__How to complete this task__
The data that follows should be copied out exactly.

__Dataset records__
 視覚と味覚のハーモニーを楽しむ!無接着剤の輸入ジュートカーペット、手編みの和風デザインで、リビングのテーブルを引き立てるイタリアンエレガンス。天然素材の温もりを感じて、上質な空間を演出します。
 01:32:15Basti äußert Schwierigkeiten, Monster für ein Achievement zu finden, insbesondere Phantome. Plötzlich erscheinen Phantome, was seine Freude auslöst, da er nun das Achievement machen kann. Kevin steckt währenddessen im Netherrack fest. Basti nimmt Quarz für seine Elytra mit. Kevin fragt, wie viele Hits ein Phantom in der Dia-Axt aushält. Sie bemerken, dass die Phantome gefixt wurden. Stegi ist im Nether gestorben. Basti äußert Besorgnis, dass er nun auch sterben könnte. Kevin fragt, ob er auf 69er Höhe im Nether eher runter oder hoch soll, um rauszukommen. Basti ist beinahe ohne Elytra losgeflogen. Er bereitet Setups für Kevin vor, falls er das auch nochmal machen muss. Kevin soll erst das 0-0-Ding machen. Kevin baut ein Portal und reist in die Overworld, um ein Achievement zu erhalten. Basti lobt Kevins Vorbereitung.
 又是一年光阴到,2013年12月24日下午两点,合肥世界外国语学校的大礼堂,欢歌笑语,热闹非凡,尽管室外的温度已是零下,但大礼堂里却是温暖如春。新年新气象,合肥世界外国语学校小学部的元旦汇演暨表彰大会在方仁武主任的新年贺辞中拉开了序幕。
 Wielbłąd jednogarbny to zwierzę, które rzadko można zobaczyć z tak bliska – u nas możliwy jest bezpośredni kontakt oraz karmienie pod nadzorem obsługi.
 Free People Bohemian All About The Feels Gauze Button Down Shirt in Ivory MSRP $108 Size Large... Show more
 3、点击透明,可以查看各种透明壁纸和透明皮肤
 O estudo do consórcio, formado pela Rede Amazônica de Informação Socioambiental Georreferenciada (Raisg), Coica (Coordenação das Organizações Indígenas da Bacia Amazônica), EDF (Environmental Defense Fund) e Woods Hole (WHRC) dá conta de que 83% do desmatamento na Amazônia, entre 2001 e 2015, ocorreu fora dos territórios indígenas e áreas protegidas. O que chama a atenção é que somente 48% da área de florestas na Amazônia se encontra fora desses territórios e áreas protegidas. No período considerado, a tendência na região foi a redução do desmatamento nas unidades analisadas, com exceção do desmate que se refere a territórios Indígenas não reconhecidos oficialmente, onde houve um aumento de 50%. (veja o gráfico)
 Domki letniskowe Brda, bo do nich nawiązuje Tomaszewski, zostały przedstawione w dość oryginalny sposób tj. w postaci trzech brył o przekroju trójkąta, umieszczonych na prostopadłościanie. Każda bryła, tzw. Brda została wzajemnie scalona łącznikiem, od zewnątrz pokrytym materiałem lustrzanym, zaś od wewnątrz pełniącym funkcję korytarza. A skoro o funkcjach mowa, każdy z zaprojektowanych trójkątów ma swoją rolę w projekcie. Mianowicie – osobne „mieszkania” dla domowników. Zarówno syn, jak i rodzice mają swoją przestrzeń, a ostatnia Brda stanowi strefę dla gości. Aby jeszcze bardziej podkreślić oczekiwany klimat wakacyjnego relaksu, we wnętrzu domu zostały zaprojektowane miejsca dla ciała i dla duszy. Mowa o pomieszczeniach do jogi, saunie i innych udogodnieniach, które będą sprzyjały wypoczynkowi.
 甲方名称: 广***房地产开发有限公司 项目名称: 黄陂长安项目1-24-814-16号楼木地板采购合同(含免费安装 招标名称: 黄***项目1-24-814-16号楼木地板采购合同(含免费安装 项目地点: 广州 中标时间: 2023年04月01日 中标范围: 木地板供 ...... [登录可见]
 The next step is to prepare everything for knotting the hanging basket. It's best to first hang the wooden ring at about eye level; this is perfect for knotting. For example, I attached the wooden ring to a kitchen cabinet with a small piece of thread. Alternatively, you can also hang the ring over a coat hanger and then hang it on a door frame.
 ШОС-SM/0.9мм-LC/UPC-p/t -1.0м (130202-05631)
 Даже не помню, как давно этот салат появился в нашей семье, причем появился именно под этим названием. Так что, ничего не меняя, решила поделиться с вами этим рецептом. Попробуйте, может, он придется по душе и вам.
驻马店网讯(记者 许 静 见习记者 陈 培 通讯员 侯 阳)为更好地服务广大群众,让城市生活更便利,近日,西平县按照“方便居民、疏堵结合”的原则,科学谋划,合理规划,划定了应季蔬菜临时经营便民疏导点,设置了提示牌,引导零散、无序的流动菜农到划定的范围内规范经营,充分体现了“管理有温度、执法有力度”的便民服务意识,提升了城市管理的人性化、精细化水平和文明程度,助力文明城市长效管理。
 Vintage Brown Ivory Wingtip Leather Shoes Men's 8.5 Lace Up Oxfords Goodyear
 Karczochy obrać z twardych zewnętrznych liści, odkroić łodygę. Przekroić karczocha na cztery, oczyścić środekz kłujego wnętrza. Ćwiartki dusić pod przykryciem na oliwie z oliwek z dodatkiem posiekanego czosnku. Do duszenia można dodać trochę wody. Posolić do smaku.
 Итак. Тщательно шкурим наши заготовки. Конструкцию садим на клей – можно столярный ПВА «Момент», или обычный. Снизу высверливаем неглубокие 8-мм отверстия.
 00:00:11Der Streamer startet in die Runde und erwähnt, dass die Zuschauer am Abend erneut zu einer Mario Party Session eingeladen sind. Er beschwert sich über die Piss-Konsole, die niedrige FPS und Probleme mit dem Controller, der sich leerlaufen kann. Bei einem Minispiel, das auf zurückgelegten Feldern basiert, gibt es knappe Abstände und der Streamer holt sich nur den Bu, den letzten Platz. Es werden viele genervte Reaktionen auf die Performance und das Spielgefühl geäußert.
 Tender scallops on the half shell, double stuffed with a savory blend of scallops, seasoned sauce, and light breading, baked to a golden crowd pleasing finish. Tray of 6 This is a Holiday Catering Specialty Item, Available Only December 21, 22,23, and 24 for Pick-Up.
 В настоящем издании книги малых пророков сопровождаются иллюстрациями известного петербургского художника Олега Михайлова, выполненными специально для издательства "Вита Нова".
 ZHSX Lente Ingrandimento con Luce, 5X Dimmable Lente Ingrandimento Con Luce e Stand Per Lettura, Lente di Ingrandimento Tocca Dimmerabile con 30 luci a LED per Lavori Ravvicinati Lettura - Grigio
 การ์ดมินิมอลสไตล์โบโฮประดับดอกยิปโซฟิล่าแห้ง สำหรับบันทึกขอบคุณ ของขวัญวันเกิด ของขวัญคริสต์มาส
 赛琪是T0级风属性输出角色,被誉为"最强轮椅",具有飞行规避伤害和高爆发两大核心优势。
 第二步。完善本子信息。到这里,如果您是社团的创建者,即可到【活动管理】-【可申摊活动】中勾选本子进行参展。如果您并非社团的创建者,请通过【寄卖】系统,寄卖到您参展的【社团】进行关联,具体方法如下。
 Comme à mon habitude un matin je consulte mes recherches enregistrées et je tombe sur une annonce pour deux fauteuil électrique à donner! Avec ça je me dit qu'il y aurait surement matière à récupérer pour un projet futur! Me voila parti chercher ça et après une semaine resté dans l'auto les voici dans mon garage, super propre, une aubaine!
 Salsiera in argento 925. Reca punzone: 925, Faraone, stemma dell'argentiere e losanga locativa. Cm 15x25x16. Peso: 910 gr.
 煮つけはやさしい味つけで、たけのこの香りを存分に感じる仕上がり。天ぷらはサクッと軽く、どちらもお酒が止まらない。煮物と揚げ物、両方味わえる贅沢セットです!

__Expected answer__
 視覚と味覚のハーモニーを楽しむ!無接着剤の輸入ジュートカーペット、手編みの和風デザインで、リビングのテーブルを引き立てるイタリアンエレガンス。天然素材の温もりを感じて、上質な空間を演出します。
 01:32:15Basti äußert Schwierigkeiten, Monster für ein Achievement zu finden, insbesondere Phantome. Plötzlich erscheinen Phantome, was seine Freude auslöst, da er nun das Achievement machen kann. Kevin steckt währenddessen im Netherrack fest. Basti nimmt Quarz für seine Elytra mit. Kevin fragt, wie viele Hits ein Phantom in der Dia-Axt aushält. Sie bemerken, dass die Phantome gefixt wurden. Stegi ist im Nether gestorben. Basti äußert Besorgnis, dass er nun auch sterben könnte. Kevin fragt, ob er auf 69er Höhe im Nether eher runter oder hoch soll, um rauszukommen. Basti ist beinahe ohne Elytra losgeflogen. Er bereitet Setups für Kevin vor, falls er das auch nochmal machen muss. Kevin soll erst das 0-0-Ding machen. Kevin baut ein Portal und reist in die Overworld, um ein Achievement zu erhalten. Basti lobt Kevins Vorbereitung.
 又是一年光阴到,2013年12月24日下午两点,合肥世界外国语学校的大礼堂,欢歌笑语,热闹非凡,尽管室外的温度已是零下,但大礼堂里却是温暖如春。新年新气象,合肥世界外国语学校小学部的元旦汇演暨表彰大会在方仁武主任的新年贺辞中拉开了序幕。
 Wielbłąd jednogarbny to zwierzę, które rzadko można zobaczyć z tak bliska – u nas możliwy jest bezpośredni kontakt oraz karmienie pod nadzorem obsługi.
 Free People Bohemian All About The Feels Gauze Button Down Shirt in Ivory MSRP $108 Size Large... Show more
 3、点击透明,可以查看各种透明壁纸和透明皮肤
 O estudo do consórcio, formado pela Rede Amazônica de Informação Socioambiental Georreferenciada (Raisg), Coica (Coordenação das Organizações Indígenas da Bacia Amazônica), EDF (Environmental Defense Fund) e Woods Hole (WHRC) dá conta de que 83% do desmatamento na Amazônia, entre 2001 e 2015, ocorreu fora dos territórios indígenas e áreas protegidas. O que chama a atenção é que somente 48% da área de florestas na Amazônia se encontra fora desses territórios e áreas protegidas. No período considerado, a tendência na região foi a redução do desmatamento nas unidades analisadas, com exceção do desmate que se refere a territórios Indígenas não reconhecidos oficialmente, onde houve um aumento de 50%. (veja o gráfico)
 Domki letniskowe Brda, bo do nich nawiązuje Tomaszewski, zostały przedstawione w dość oryginalny sposób tj. w postaci trzech brył o przekroju trójkąta, umieszczonych na prostopadłościanie. Każda bryła, tzw. Brda została wzajemnie scalona łącznikiem, od zewnątrz pokrytym materiałem lustrzanym, zaś od wewnątrz pełniącym funkcję korytarza. A skoro o funkcjach mowa, każdy z zaprojektowanych trójkątów ma swoją rolę w projekcie. Mianowicie – osobne „mieszkania” dla domowników. Zarówno syn, jak i rodzice mają swoją przestrzeń, a ostatnia Brda stanowi strefę dla gości. Aby jeszcze bardziej podkreślić oczekiwany klimat wakacyjnego relaksu, we wnętrzu domu zostały zaprojektowane miejsca dla ciała i dla duszy. Mowa o pomieszczeniach do jogi, saunie i innych udogodnieniach, które będą sprzyjały wypoczynkowi.
 甲方名称: 广***房地产开发有限公司 项目名称: 黄陂长安项目1-24-814-16号楼木地板采购合同(含免费安装 招标名称: 黄***项目1-24-814-16号楼木地板采购合同(含免费安装 项目地点: 广州 中标时间: 2023年04月01日 中标范围: 木地板供 ...... [登录可见]
 The next step is to prepare everything for knotting the hanging basket. It's best to first hang the wooden ring at about eye level; this is perfect for knotting. For example, I attached the wooden ring to a kitchen cabinet with a small piece of thread. Alternatively, you can also hang the ring over a coat hanger and then hang it on a door frame.
 ШОС-SM/0.9мм-LC/UPC-p/t -1.0м (130202-05631)
 Даже не помню, как давно этот салат появился в нашей семье, причем появился именно под этим названием. Так что, ничего не меняя, решила поделиться с вами этим рецептом. Попробуйте, может, он придется по душе и вам.
驻马店网讯(记者 许 静 见习记者 陈 培 通讯员 侯 阳)为更好地服务广大群众,让城市生活更便利,近日,西平县按照“方便居民、疏堵结合”的原则,科学谋划,合理规划,划定了应季蔬菜临时经营便民疏导点,设置了提示牌,引导零散、无序的流动菜农到划定的范围内规范经营,充分体现了“管理有温度、执法有力度”的便民服务意识,提升了城市管理的人性化、精细化水平和文明程度,助力文明城市长效管理。
 Vintage Brown Ivory Wingtip Leather Shoes Men's 8.5 Lace Up Oxfords Goodyear
 Karczochy obrać z twardych zewnętrznych liści, odkroić łodygę. Przekroić karczocha na cztery, oczyścić środekz kłujego wnętrza. Ćwiartki dusić pod przykryciem na oliwie z oliwek z dodatkiem posiekanego czosnku. Do duszenia można dodać trochę wody. Posolić do smaku.
 Итак. Тщательно шкурим наши заготовки. Конструкцию садим на клей – можно столярный ПВА «Момент», или обычный. Снизу высверливаем неглубокие 8-мм отверстия.
 00:00:11Der Streamer startet in die Runde und erwähnt, dass die Zuschauer am Abend erneut zu einer Mario Party Session eingeladen sind. Er beschwert sich über die Piss-Konsole, die niedrige FPS und Probleme mit dem Controller, der sich leerlaufen kann. Bei einem Minispiel, das auf zurückgelegten Feldern basiert, gibt es knappe Abstände und der Streamer holt sich nur den Bu, den letzten Platz. Es werden viele genervte Reaktionen auf die Performance und das Spielgefühl geäußert.
 Tender scallops on the half shell, double stuffed with a savory blend of scallops, seasoned sauce, and light breading, baked to a golden crowd pleasing finish. Tray of 6 This is a Holiday Catering Specialty Item, Available Only December 21, 22,23, and 24 for Pick-Up.
 В настоящем издании книги малых пророков сопровождаются иллюстрациями известного петербургского художника Олега Михайлова, выполненными специально для издательства "Вита Нова".
 ZHSX Lente Ingrandimento con Luce, 5X Dimmable Lente Ingrandimento Con Luce e Stand Per Lettura, Lente di Ingrandimento Tocca Dimmerabile con 30 luci a LED per Lavori Ravvicinati Lettura - Grigio
 การ์ดมินิมอลสไตล์โบโฮประดับดอกยิปโซฟิล่าแห้ง สำหรับบันทึกขอบคุณ ของขวัญวันเกิด ของขวัญคริสต์มาส
 赛琪是T0级风属性输出角色,被誉为"最强轮椅",具有飞行规避伤害和高爆发两大核心优势。
 第二步。完善本子信息。到这里,如果您是社团的创建者,即可到【活动管理】-【可申摊活动】中勾选本子进行参展。如果您并非社团的创建者,请通过【寄卖】系统,寄卖到您参展的【社团】进行关联,具体方法如下。
 Comme à mon habitude un matin je consulte mes recherches enregistrées et je tombe sur une annonce pour deux fauteuil électrique à donner! Avec ça je me dit qu'il y aurait surement matière à récupérer pour un projet futur! Me voila parti chercher ça et après une semaine resté dans l'auto les voici dans mon garage, super propre, une aubaine!
 Salsiera in argento 925. Reca punzone: 925, Faraone, stemma dell'argentiere e losanga locativa. Cm 15x25x16. Peso: 910 gr.
 煮つけはやさしい味つけで、たけのこの香りを存分に感じる仕上がり。天ぷらはサクッと軽く、どちらもお酒が止まらない。煮物と揚げ物、両方味わえる贅沢セットです!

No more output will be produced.